Afghanistan
Heftige Debatte nach Nato-Bitte um deutsche Tornados

Die Nato-Anfrage nach deutschen Tornado-Kampfflugzeugen für die Luftaufklärung in Afghanistan sorgt unter den Bundestagsparteien für Zündstoff. Das Verteidigungsministerium hält den Einsatz so genannter Recce-Tornados für denkbar. Ein Sprecher stellte aber klar, es gebe noch keine Vorfestlegung. Die Entscheidung falle wahrscheinlich Ende Januar.

HB BERLIN. Die Grünen halten es für „ausgesprochen zweifelhaft“, dass es zu der aus ihrer Sicht notwendigen Zustimmung des Bundestags kommen wird. Die FDP erklärte am Donnerstag, man werde die Bitte der Allianz zunächst „unvoreingenommen“ prüfen. Im Gespräch sind nach AP-Informationen fünf oder sechs Tornados, für die insgesamt 250 Soldaten gebraucht werden. Die personelle Obergrenze des deutschen ISAF-Mandats im Norden und in Kabul von 3 000 Soldaten ist jedoch derzeit nahezu ausgeschöpft.

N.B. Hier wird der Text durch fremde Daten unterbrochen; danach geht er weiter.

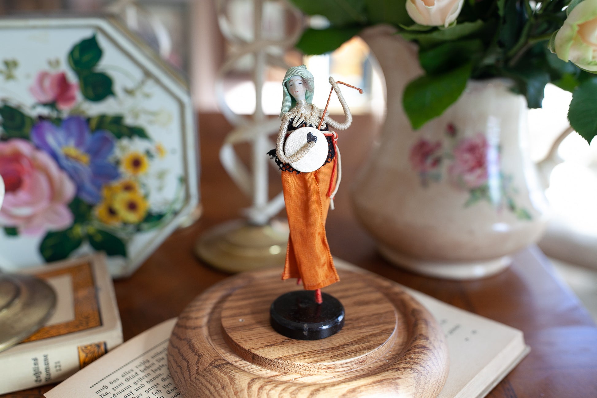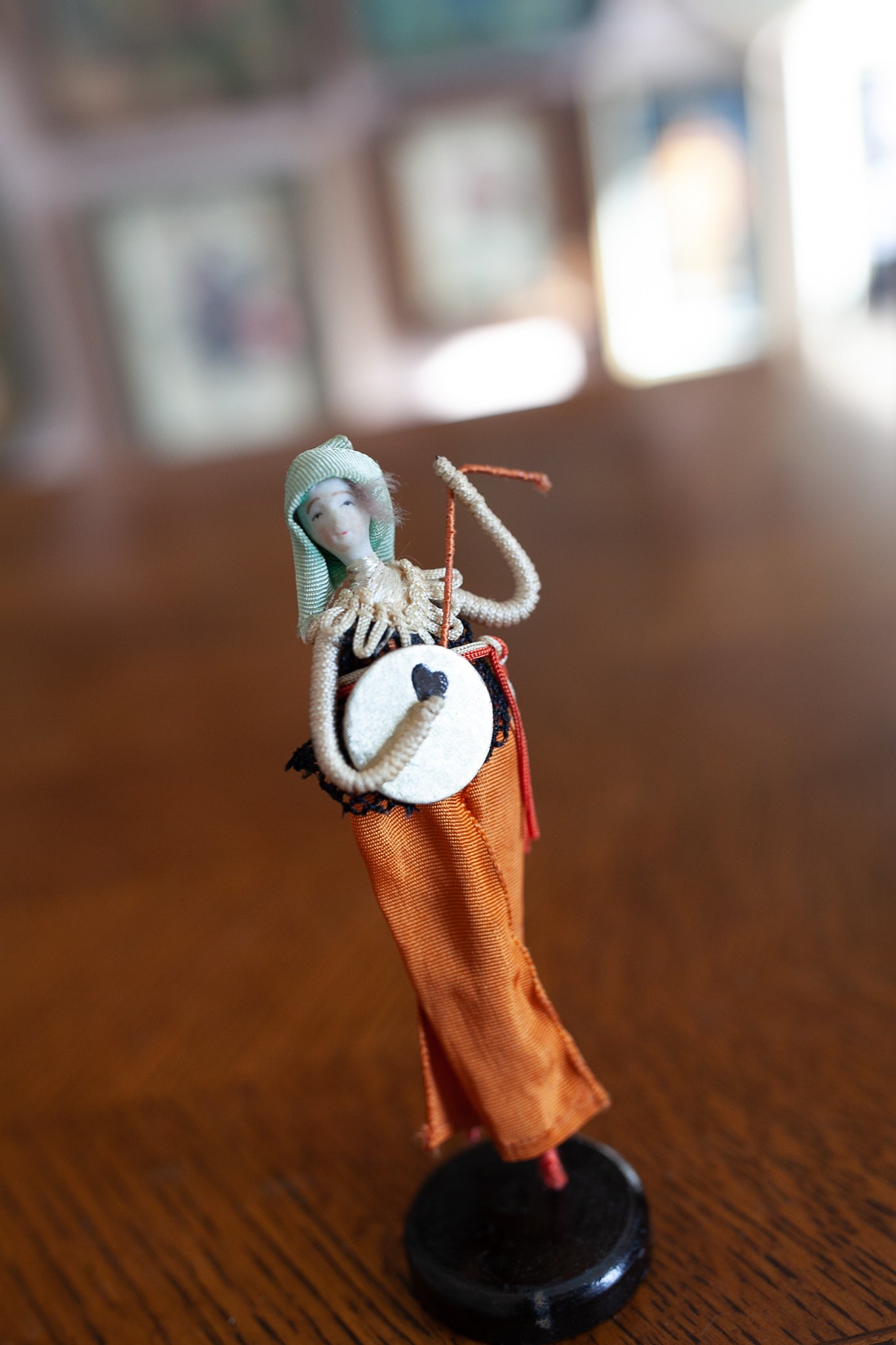 This little vintage doll is so unique! This doll has a tiny little bisque face with the tiniest details! She has a little wire body and tiny clothes. She is about 5" tall and stands on a base that is 1.5" diameter. I displayed her under a cloche, but the cloche is not included- doll only.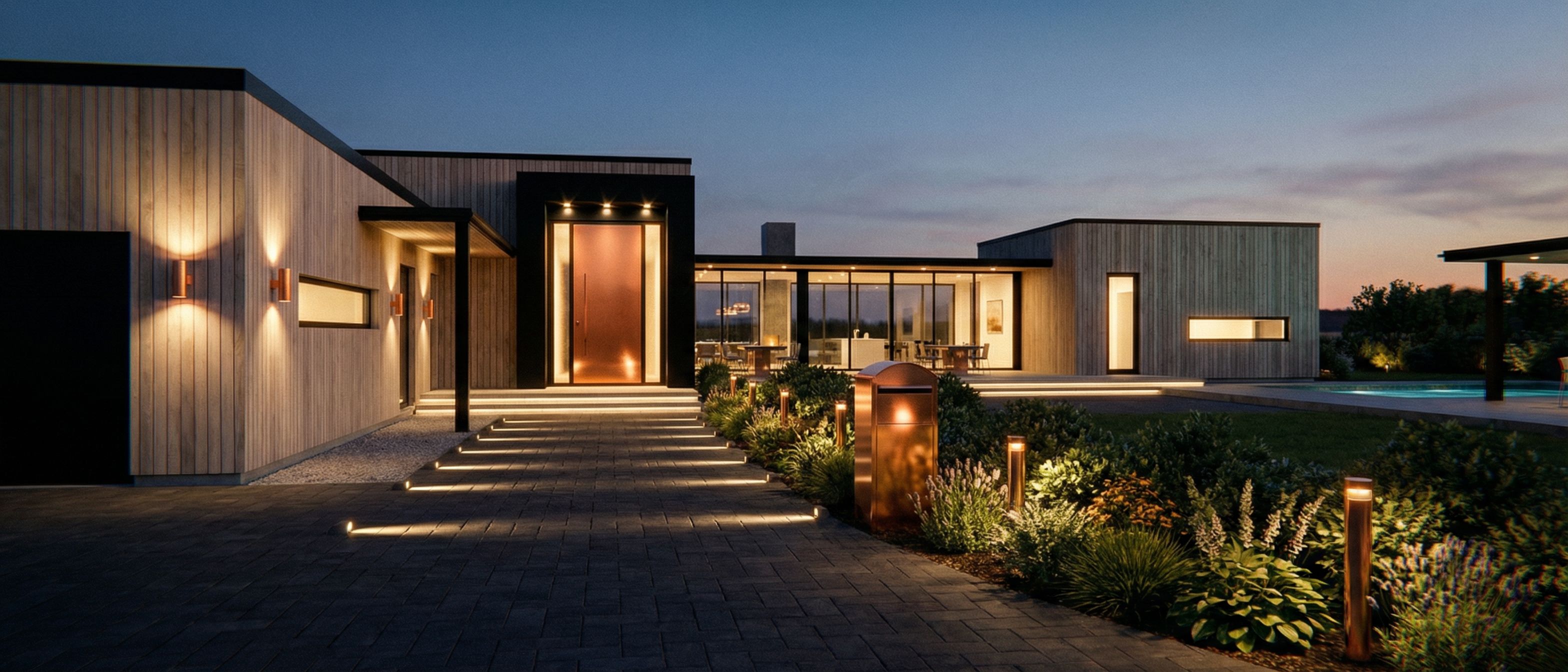 Promptshiny copper door with black frame. only the door in copper.. Entrance with led spot lights integrated in the floor on both sides. Spot lights inside top of door frame. Copper Lights leading towards entrance on the wall to the left. Copper lights by the plants on the right side of the pathway towards entrance door. grand copper mailbox by the plants between the road towards the garage and the pathway towards the entrance door.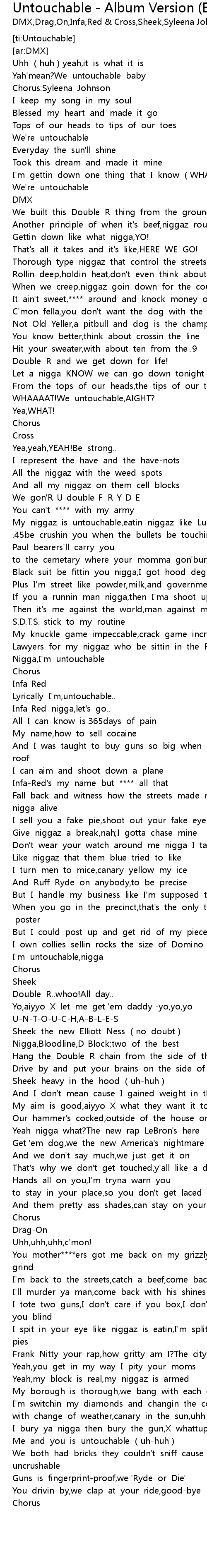 | [01:45.22] | My niggaz is untouchable, eatin niggaz like Lunchable |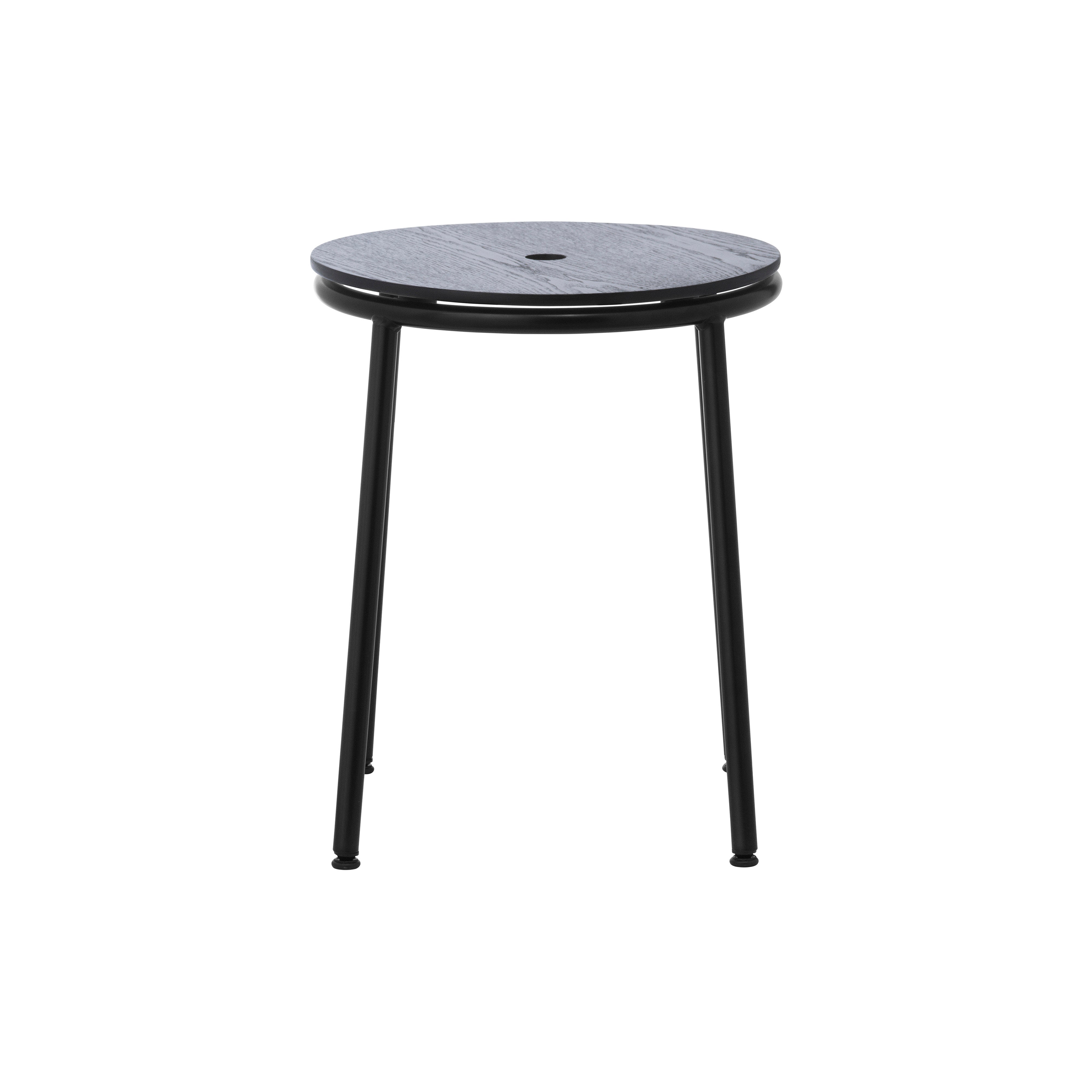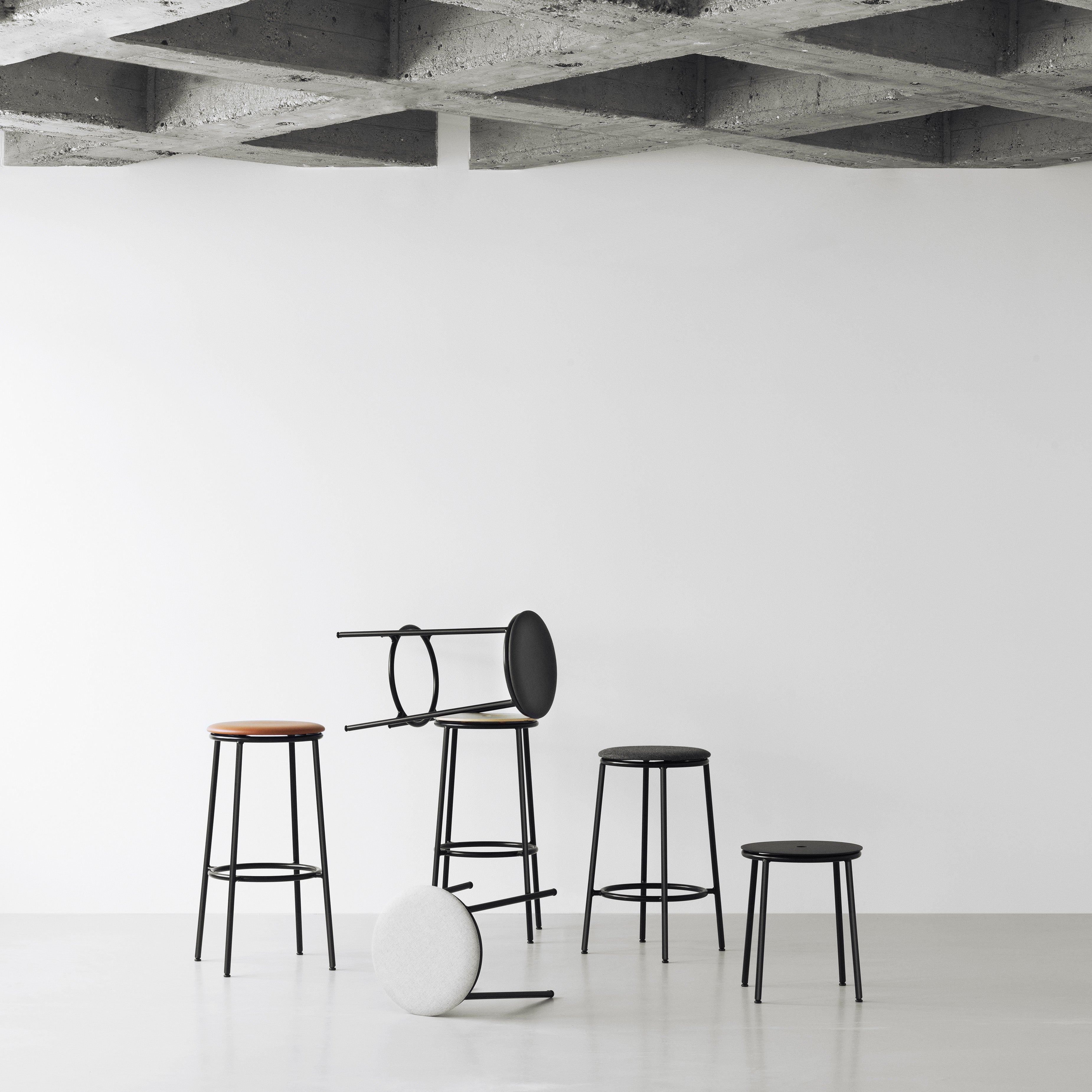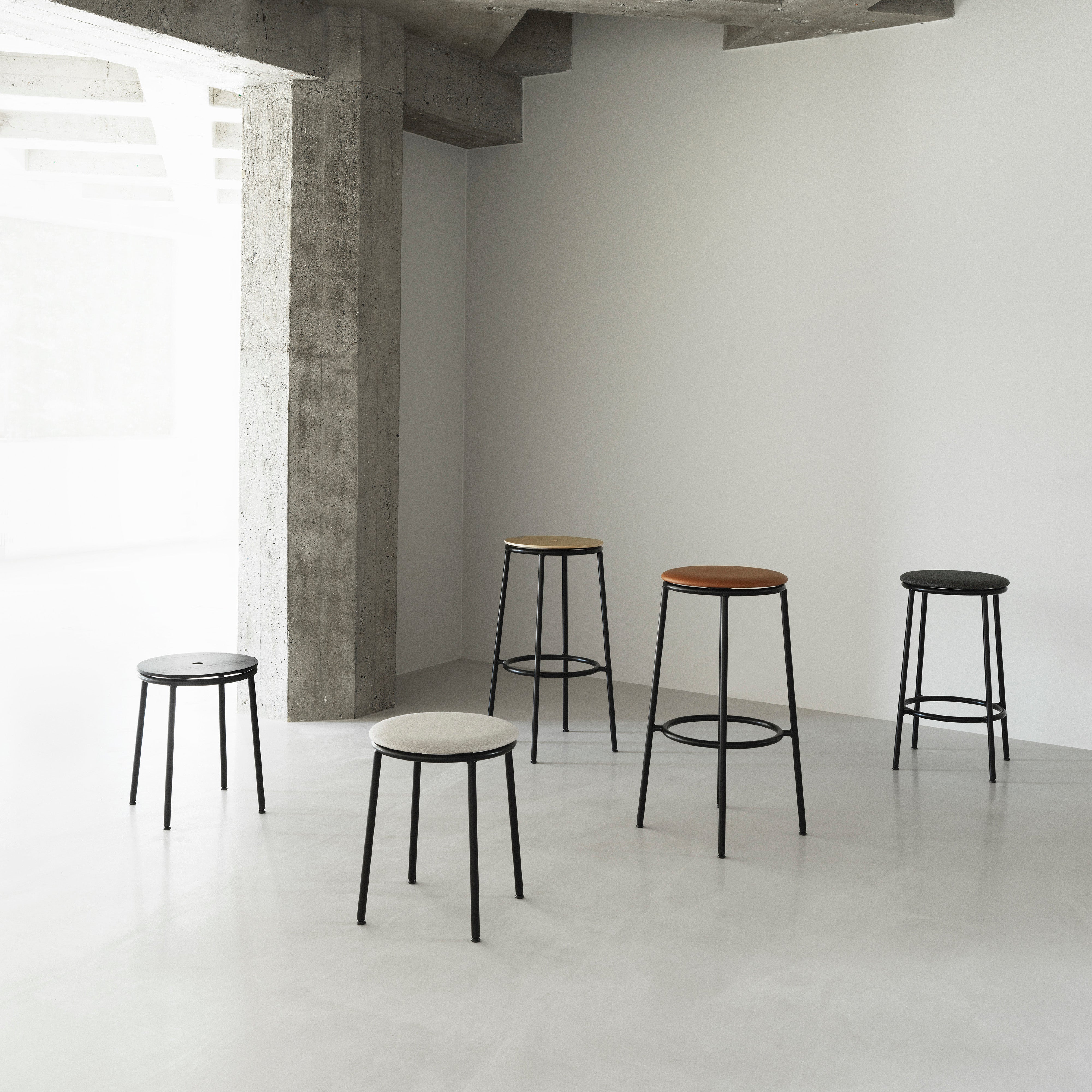 As a solo perch or pulled up to a dining table for extra seating, Circa's telling details embody the timeless spirit of minimalism. Designer Simon Legald elevates the round seat slightly from the steel tubing base in light-handed move that offsets the solidness of its construction. With a small added hole in the center for easily moving the stool around, the seat comes in a choice of natural and black lacquered oak veneer or black powder-coated aluminum.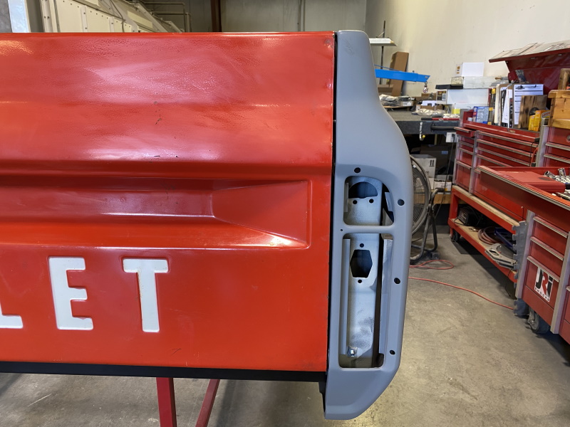 I got both tailgates home and looked them over. The takeoff gate ends up being the nicer of the two. I'm hoping since it was installed on a truck from the factory, it would fit the best. This gate is really nice and straight and doesn't really need much to get it ready for paint. The tailgate handle fits way better than what I had before. After checking the fit, the handle got massaged to better match the lines of the gate. Time to work on the bedside now.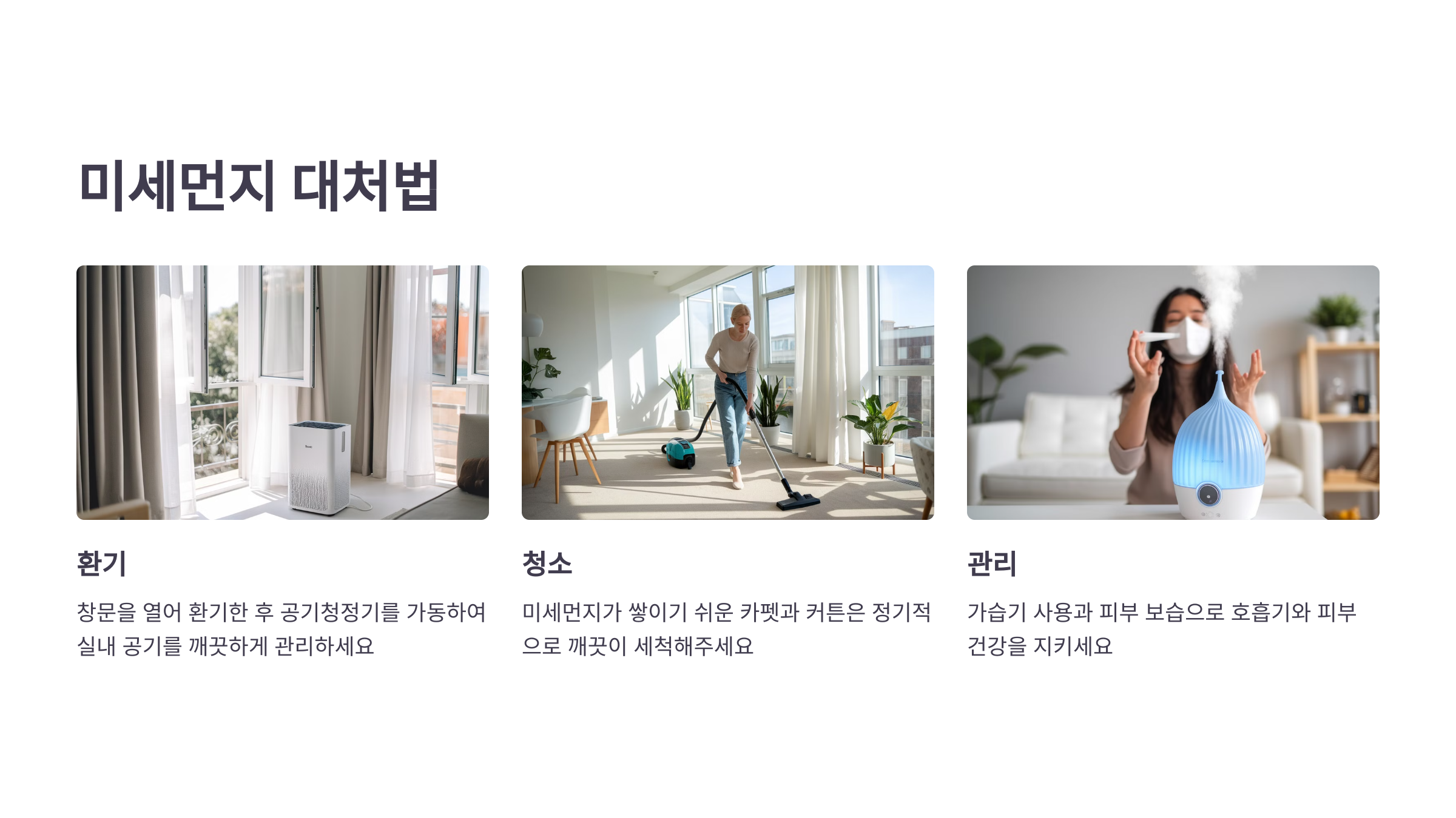 ✅ Tip: 미세먼지가 심한 날에는 실내 활동 시에도 창문 틈새를 밀봉하는 것이 좋습니다.

Nach Einschätzung der FDP wäre ein Einsatz möglich, wenn die Bundeswehr eine Lücke schließt, für die Fähigkeiten gefordert sind, die Deutschland wie nur sehr wenige andere NATO-Länder liefern kann. „Das könnte bei den Aufklärungs-Tornados der Luftwaffe der Fall sein“, erklärten die stellvertretenden Vorsitzenden der FDP-Bundestagsfraktion Birgit Homburger und Werner Hoyer. Doch müsse die Bundesregierung nun darlegen, „ob und in welchem Umfang gegebenenfalls auch andere Bündnispartner diese Fähigkeiten bereitstellen könnten und ob die Anfrage der NATO an Deutschland für die Erfüllung des ISAF-Gesamtauftrages unabweisbar ist“. Im ISAF-Mandat ist zudem festgelegt, dass solche Unterstützungsmaßnahmen außerhalb der Nordregion „zeitlich und im Umfang“ begrenzt sein müssen. Dazu meinte die FDP: „Die Bundesregierung muss sicherstellen, dass diese Kriterien durch einen möglichen Einsatz von Aufklärungstornados nicht verletzt werden.“

Homburger und Hoyer verwiesen zudem auf den finanziellen Rahmen. „Die Bereitstellung von möglicherweise sechs Recce-Tornados einschließlich der für sie erforderlichen Technik und Logistik würde den für das ISAF-Mandat vorgesehenen Finanzrahmen erheblich überschreiten“, meinten sie.

Der Verteidigungsexperte der Grünen-Fraktion im Bundestag, Winfried Nachtwei, sagte der „Netzeitung“: „Falls die Bundesregierung zu einem Ja kommen würde, wäre eine neue Bundestagszustimmung unverzichtbar.“ Seine eher ablehnende Haltung begründete Nachtwei damit, dass die NATO-Anfrage „deutlich über die bisherigen Mandats-Grenzen hinausgeht, weil die gewünschte Unterstützung eindeutig auch eine Kampfunterstützung durch Tornado-Aufklärer einschließen würde“. Insofern bestehe die Gefahr, dass die Bundeswehr „eine Art von Einsatz unterstützen würde, die wir als Grüne bei der Operation Enduring Freedom schon abgelehnt haben“.

Nachtwei beklagte in diesem Zusammenhang auch, dass sehr wenig Informationen über die Operationsführung im Süden und Osten Afghanistans vorlägen. Die Bundeswehr würde damit aktiv einen Einsatz unterstützen, von dem es heiße, „dass Kampfeinsätze vor Aufbauanstrengungen gesetzt werden“.